Data excerpts
-------

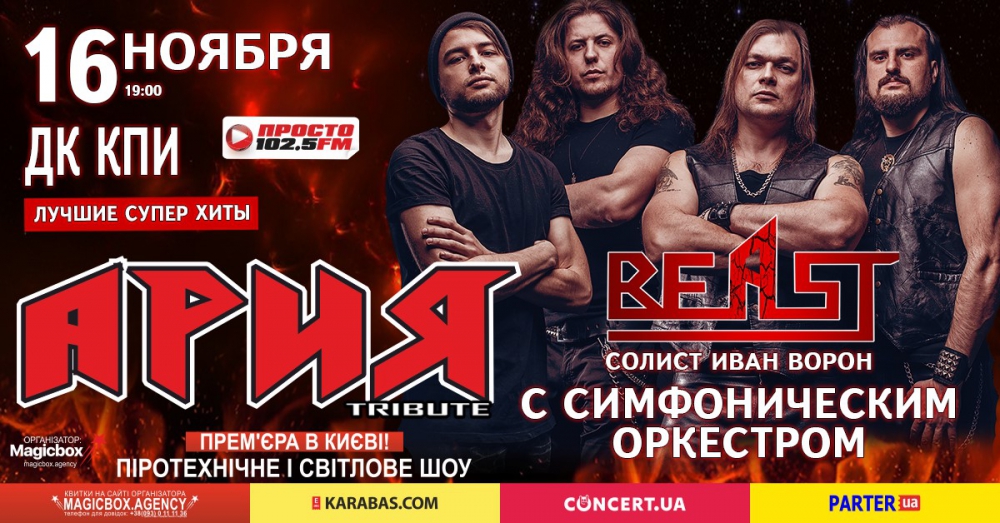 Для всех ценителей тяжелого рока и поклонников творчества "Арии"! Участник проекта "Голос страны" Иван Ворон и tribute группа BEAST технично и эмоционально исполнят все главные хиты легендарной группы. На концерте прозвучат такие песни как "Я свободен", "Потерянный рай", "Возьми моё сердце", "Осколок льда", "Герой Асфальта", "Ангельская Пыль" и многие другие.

-------

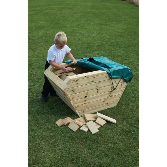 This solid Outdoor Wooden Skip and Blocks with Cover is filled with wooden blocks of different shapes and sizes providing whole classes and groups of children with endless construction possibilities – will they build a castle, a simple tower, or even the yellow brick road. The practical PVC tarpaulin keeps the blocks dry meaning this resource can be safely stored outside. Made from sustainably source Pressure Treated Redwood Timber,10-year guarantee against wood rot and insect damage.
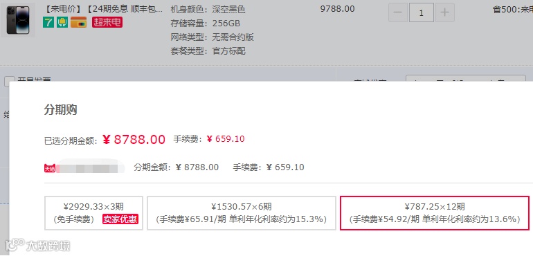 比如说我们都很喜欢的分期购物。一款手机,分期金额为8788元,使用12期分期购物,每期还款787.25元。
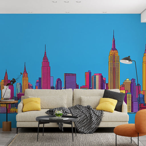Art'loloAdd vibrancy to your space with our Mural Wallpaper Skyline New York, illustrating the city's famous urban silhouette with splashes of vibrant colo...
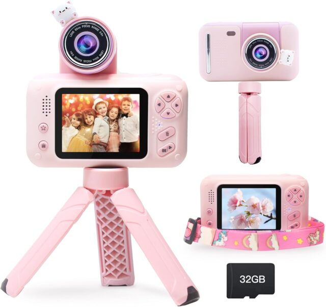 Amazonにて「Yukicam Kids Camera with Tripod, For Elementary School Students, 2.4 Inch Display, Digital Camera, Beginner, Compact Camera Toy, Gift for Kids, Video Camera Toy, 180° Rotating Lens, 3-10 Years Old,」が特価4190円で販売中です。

-------

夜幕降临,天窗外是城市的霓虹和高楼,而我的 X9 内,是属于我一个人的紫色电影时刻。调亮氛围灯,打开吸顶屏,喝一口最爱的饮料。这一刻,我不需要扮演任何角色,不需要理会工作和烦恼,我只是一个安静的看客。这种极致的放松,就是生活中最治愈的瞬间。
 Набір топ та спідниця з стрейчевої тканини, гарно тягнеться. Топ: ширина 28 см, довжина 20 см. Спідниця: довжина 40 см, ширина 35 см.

-------

Using the records above, print exactly the run of lines that starts with the line with "Art'loloAdd vibrancy to" and goes on through the line with "Amazonにて「Yukicam Kids Camera", pictures excluded.

Art'loloAdd vibrancy to your space with our Mural Wallpaper Skyline New York, illustrating the city's famous urban silhouette with splashes of vibrant colo...
 Amazonにて「Yukicam Kids Camera with Tripod, For Elementary School Students, 2.4 Inch Display, Digital Camera, Beginner, Compact Camera Toy, Gift for Kids, Video Camera Toy, 180° Rotating Lens, 3-10 Years Old,」が特価4190円で販売中です。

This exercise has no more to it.